Dan Brown retains crown at head of bestseller charts
10.08.10 | Philip Stone

Dan Brown’s The Lost Symbol (Corgi) has retained its position at the summit of the Official UK Top 50 and by a comfortable margin. The sequel to The Da Vinci Code (Corgi) sold 75,974 copies at UK book retail outlets during the seven days to 7th August. Its sales were down 46% week-on-week but it nonetheless sold some 48,700 copies more than the next bestselling book of the week, Stieg Larsson’s The Girl Who Kicked the Hornets’ Nest (Quercus). Life sales of The Lost Symbol now stand at 1,705,000 copies across all editions.
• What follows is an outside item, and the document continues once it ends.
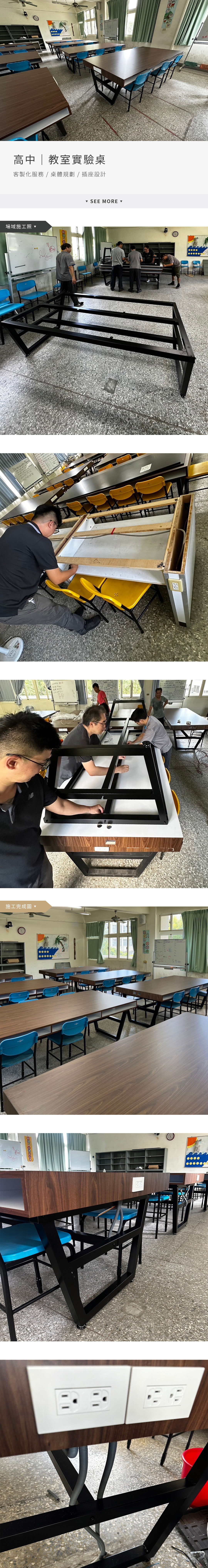 本案依據教室條件重新規劃實驗桌配置,整合穩定結構與操作檯面,使動線更順暢、使用更安全,提升教室整齊度與教學效率。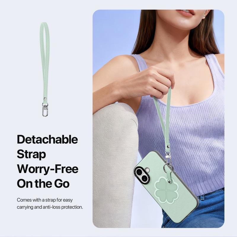 Er wordt een afneembare riem meegeleverd voor gemakkelijk dragen tijdens het reizen, woon-werkverkeer of dagelijkse activiteiten. Het biedt extra beveiliging tegen verlies en geeft je iPhone 17 een modieus accessoire tintje.

Sales of Stieg Larsson’s Millennium trilogy jumped 8% week-on-week ahead of the second installment in the trilogy, The Girl Who Played with Fire (Quercus), hitting UK cinema screens later this month. Dorothy Koomson’s The Ice Cream Girls (Sphere) takes third position in the chart with a 25,425 weekly sale.

In total, £30.9m was spent at UK book retail outlets last week, according to Nielsen BookScan data. The figure is down 2.8% week-on-week but up 4% on the same week last year when Linwood Barclay’s Too Close to Home (Orion) topped the charts.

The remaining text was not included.